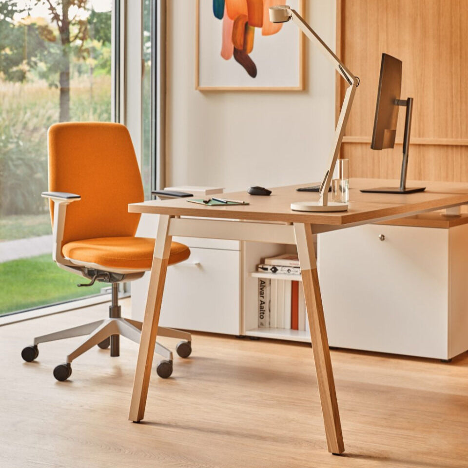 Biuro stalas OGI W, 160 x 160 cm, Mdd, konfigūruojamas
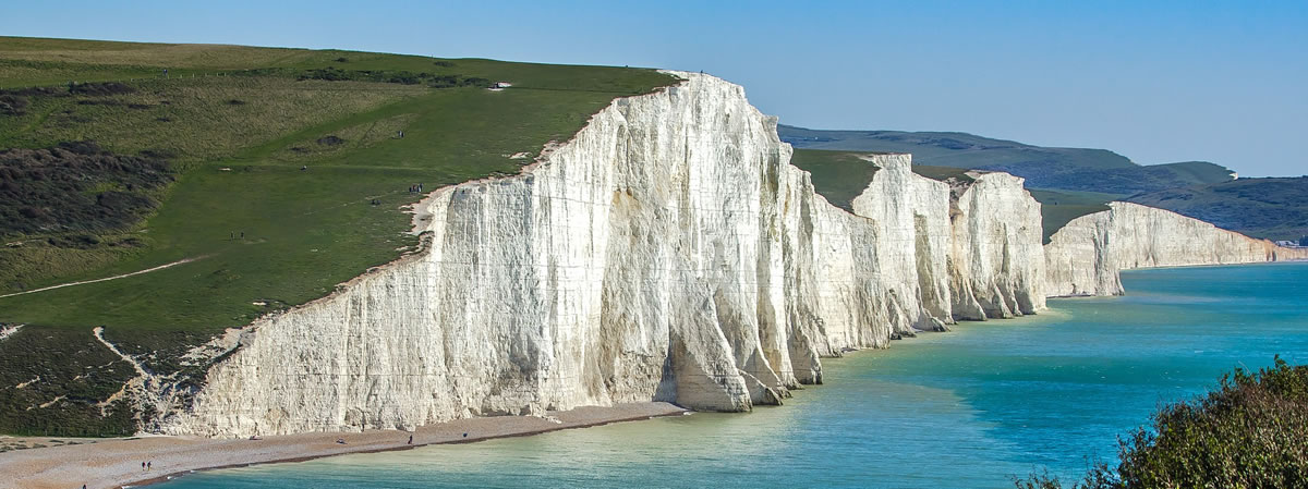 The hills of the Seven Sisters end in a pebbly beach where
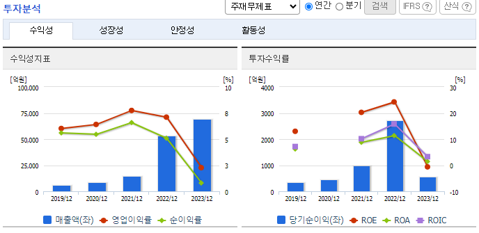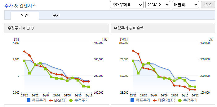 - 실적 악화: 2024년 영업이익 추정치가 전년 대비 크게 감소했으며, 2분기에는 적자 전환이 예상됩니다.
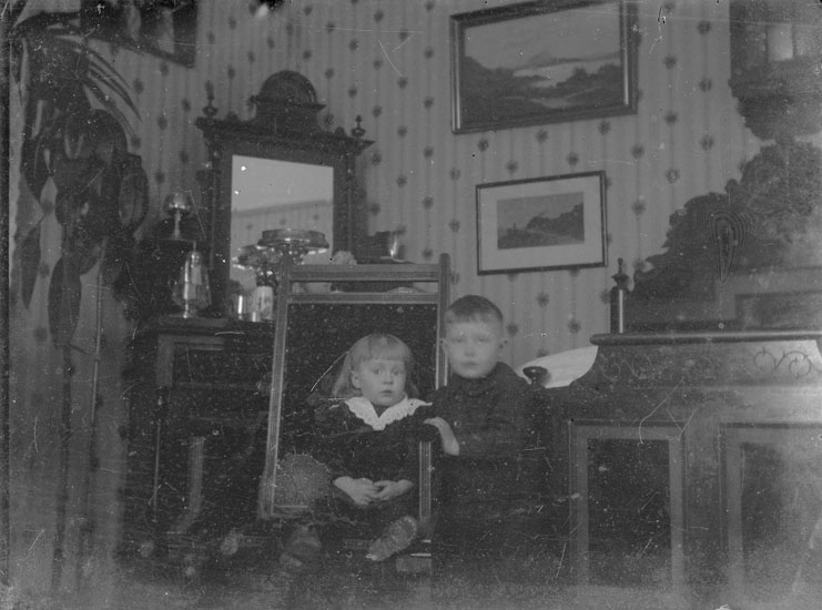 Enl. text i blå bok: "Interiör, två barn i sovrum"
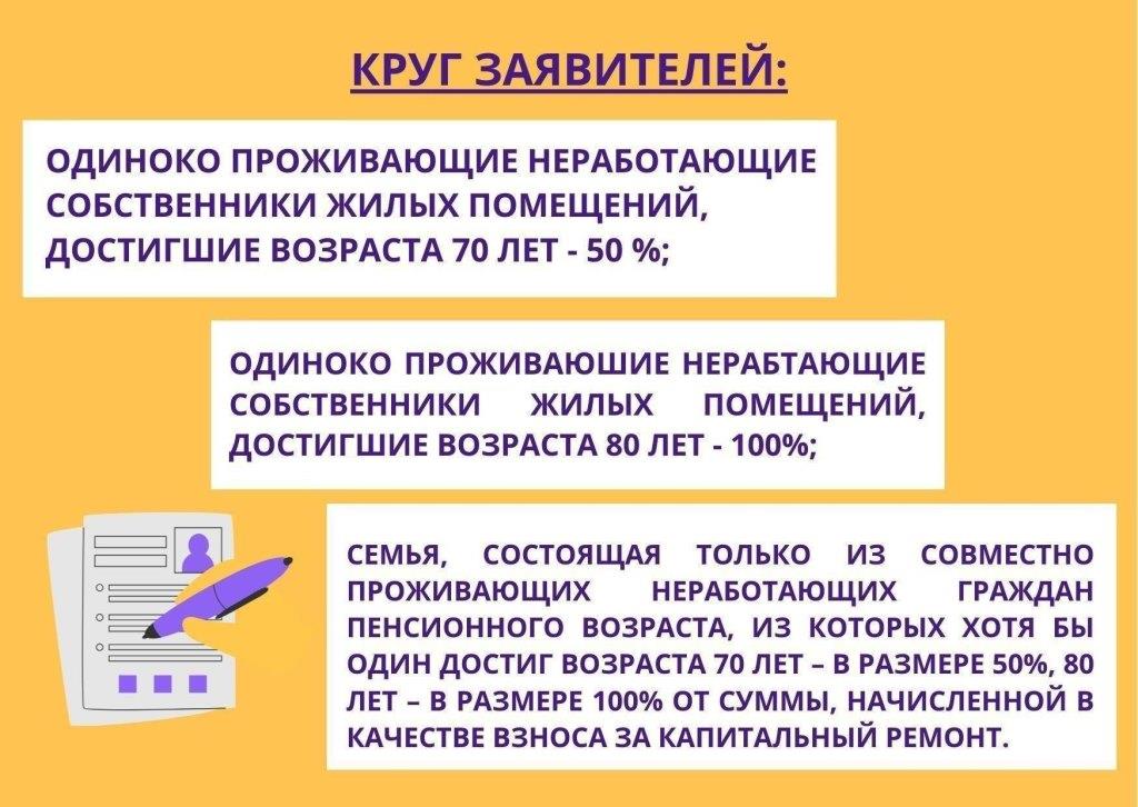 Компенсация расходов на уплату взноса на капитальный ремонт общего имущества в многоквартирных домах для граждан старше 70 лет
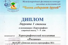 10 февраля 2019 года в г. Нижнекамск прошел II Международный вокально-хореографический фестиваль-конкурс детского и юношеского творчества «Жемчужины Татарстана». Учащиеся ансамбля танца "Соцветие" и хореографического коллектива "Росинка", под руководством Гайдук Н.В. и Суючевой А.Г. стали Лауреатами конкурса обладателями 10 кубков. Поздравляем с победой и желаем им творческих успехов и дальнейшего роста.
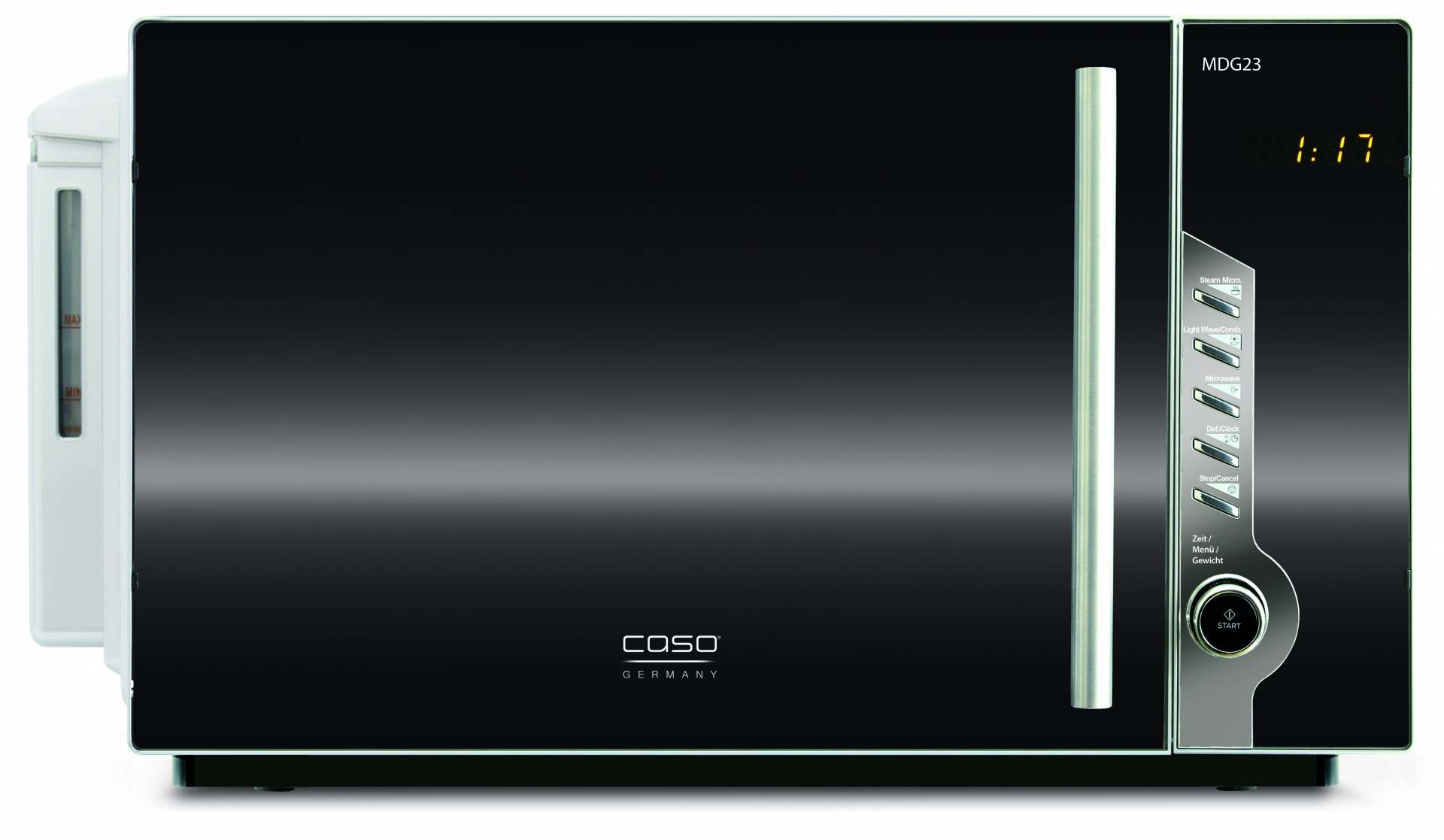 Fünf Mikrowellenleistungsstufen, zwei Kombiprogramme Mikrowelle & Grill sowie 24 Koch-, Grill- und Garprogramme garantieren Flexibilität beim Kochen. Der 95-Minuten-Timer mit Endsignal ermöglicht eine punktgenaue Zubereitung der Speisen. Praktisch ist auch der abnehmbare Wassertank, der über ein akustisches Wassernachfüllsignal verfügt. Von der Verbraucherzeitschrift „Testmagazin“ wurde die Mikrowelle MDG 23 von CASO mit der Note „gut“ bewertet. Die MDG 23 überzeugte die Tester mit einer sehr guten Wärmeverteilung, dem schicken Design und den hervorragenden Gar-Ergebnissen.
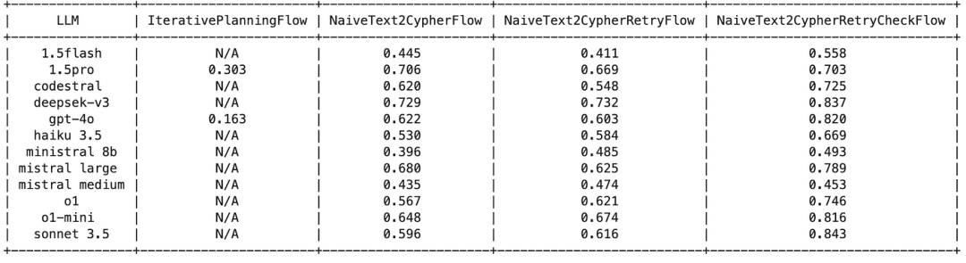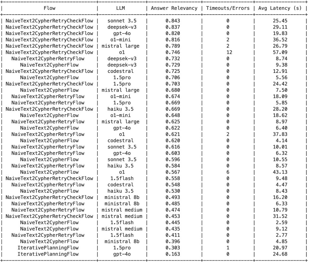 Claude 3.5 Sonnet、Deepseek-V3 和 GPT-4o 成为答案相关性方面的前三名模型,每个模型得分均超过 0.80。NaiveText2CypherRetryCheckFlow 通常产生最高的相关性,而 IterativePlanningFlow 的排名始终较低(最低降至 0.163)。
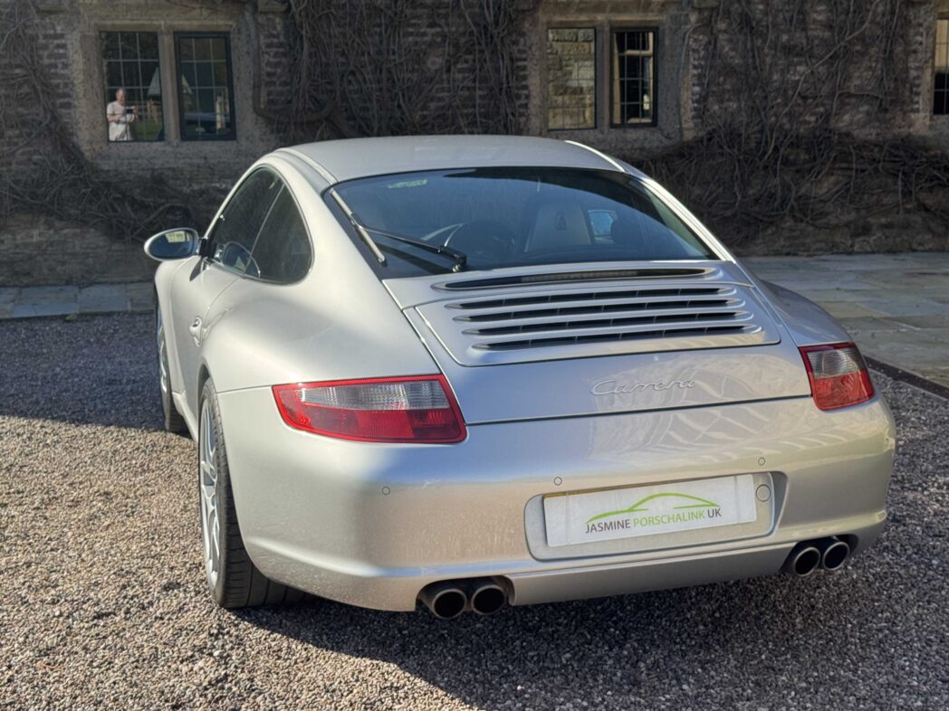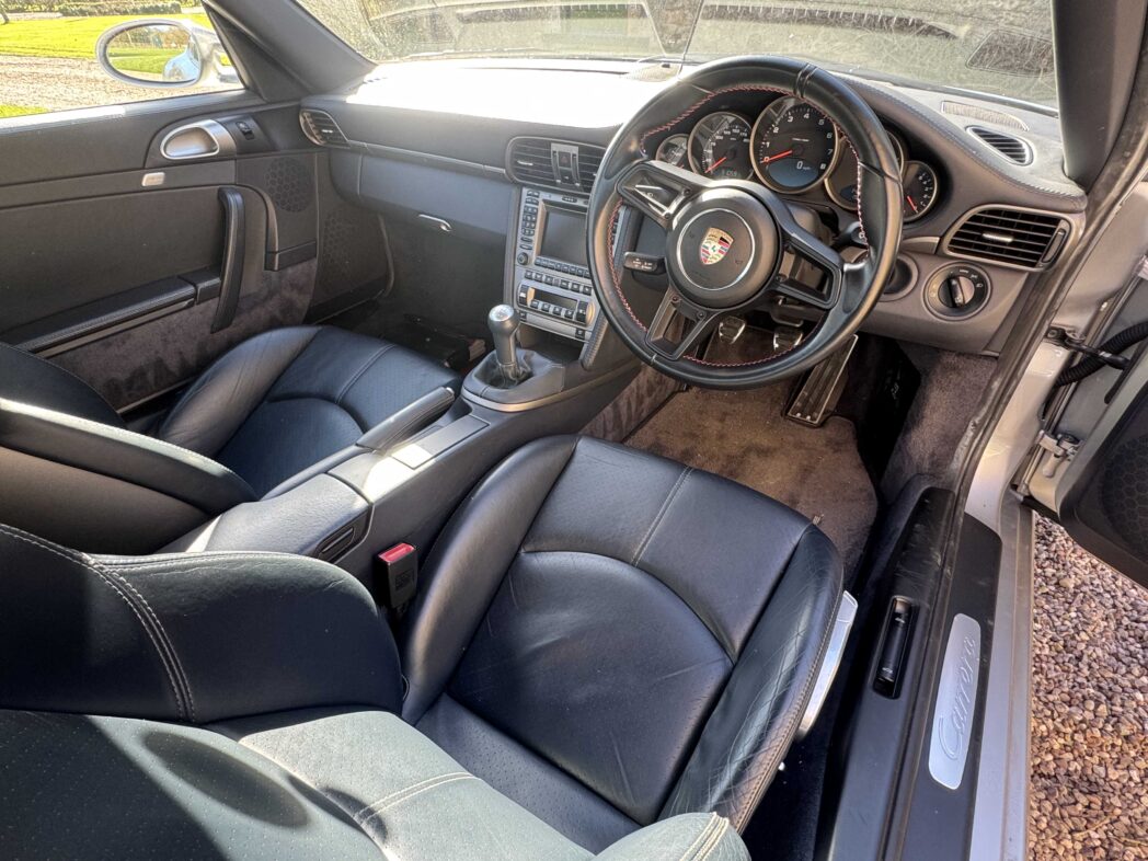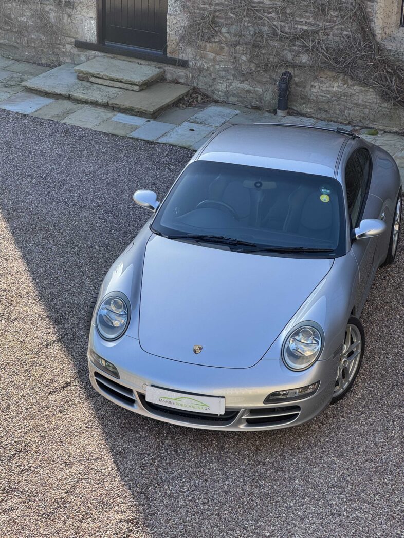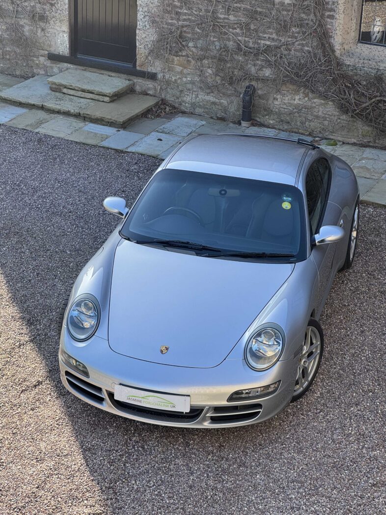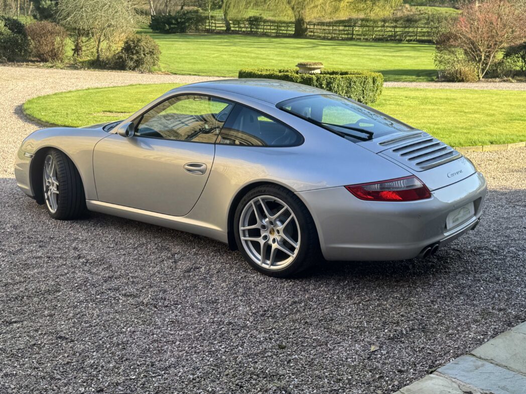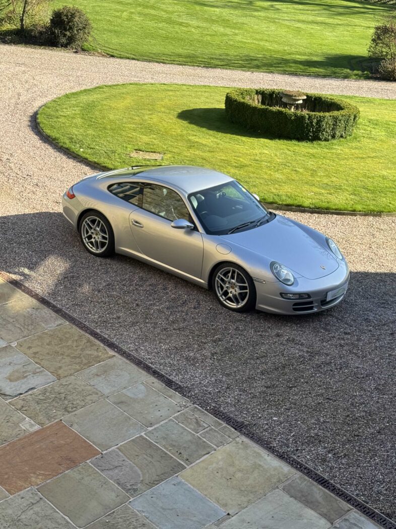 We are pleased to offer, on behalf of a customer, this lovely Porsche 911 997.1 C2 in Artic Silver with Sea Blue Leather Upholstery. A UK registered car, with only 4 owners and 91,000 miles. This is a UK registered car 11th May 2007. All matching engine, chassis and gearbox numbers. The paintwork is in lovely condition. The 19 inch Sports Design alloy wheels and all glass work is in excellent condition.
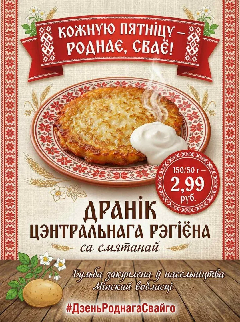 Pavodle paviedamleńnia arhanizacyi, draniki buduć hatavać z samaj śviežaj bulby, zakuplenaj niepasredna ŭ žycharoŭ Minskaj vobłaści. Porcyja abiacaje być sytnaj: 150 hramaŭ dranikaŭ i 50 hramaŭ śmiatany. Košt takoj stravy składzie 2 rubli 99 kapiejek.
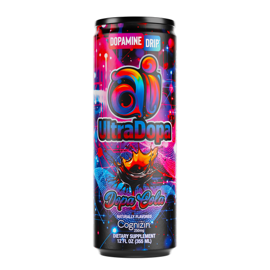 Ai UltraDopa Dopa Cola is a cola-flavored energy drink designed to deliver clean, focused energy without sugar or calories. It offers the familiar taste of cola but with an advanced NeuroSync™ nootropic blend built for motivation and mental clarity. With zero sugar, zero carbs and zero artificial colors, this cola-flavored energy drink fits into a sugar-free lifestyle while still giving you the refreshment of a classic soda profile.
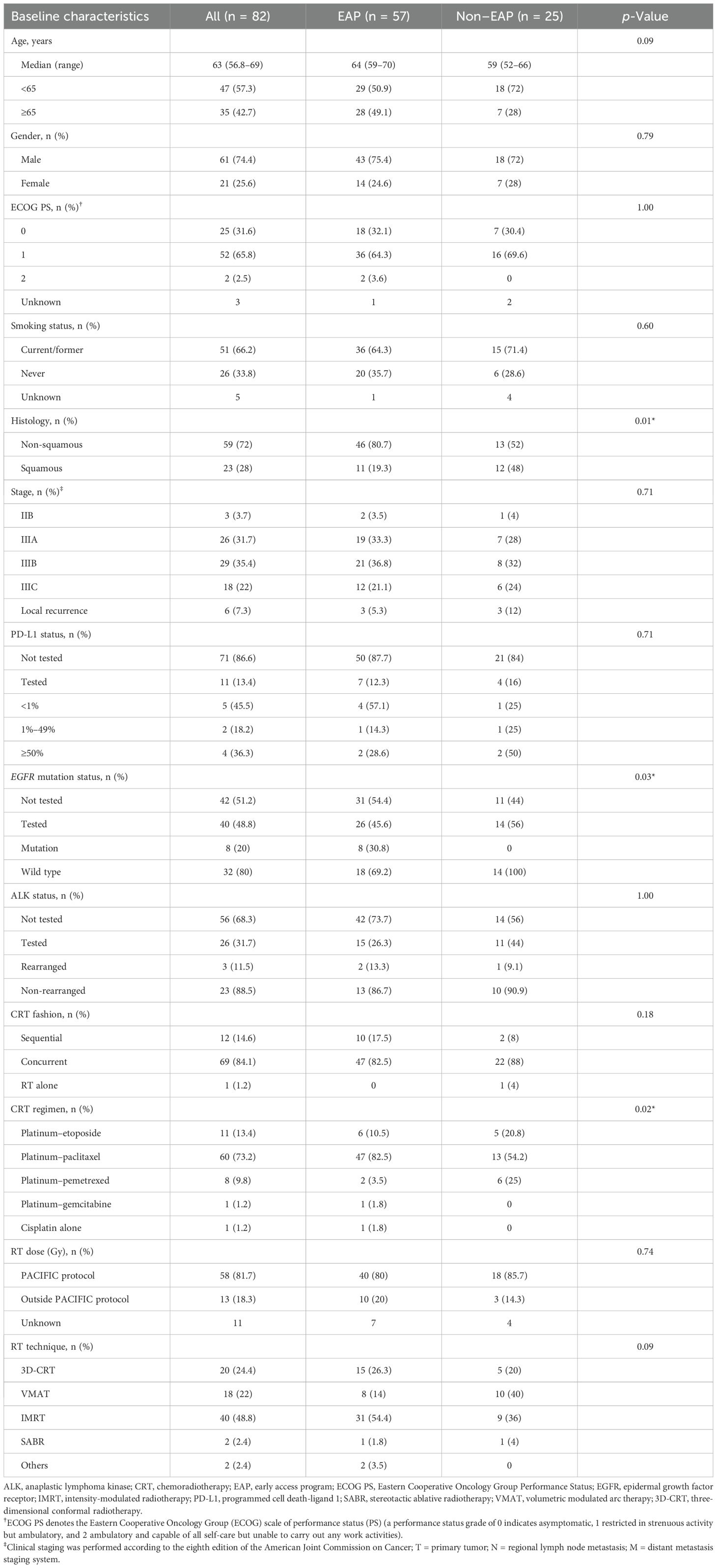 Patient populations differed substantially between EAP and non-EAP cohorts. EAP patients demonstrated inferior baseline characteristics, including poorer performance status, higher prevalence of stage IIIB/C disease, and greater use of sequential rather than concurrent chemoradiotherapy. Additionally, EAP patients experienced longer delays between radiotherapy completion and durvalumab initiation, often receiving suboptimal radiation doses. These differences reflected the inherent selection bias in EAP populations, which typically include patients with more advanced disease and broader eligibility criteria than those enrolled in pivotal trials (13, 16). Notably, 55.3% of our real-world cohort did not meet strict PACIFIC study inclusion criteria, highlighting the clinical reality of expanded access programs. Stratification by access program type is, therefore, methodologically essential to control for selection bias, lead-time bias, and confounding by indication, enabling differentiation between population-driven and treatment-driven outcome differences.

**WORK ORDER:**
In the data above, retype only the stretch from the line with "Claude 3.5 Sonnet、Deepseek-V3" through the line with "Ai UltraDopa Dopa", word for word, and skip any pictures.

**REPLY TO THE EXERCISE:**
 Claude 3.5 Sonnet、Deepseek-V3 和 GPT-4o 成为答案相关性方面的前三名模型,每个模型得分均超过 0.80。NaiveText2CypherRetryCheckFlow 通常产生最高的相关性,而 IterativePlanningFlow 的排名始终较低(最低降至 0.163)。
 We are pleased to offer, on behalf of a customer, this lovely Porsche 911 997.1 C2 in Artic Silver with Sea Blue Leather Upholstery. A UK registered car, with only 4 owners and 91,000 miles. This is a UK registered car 11th May 2007. All matching engine, chassis and gearbox numbers. The paintwork is in lovely condition. The 19 inch Sports Design alloy wheels and all glass work is in excellent condition.
 Pavodle paviedamleńnia arhanizacyi, draniki buduć hatavać z samaj śviežaj bulby, zakuplenaj niepasredna ŭ žycharoŭ Minskaj vobłaści. Porcyja abiacaje być sytnaj: 150 hramaŭ dranikaŭ i 50 hramaŭ śmiatany. Košt takoj stravy składzie 2 rubli 99 kapiejek.
 Ai UltraDopa Dopa Cola is a cola-flavored energy drink designed to deliver clean, focused energy without sugar or calories. It offers the familiar taste of cola but with an advanced NeuroSync™ nootropic blend built for motivation and mental clarity. With zero sugar, zero carbs and zero artificial colors, this cola-flavored energy drink fits into a sugar-free lifestyle while still giving you the refreshment of a classic soda profile.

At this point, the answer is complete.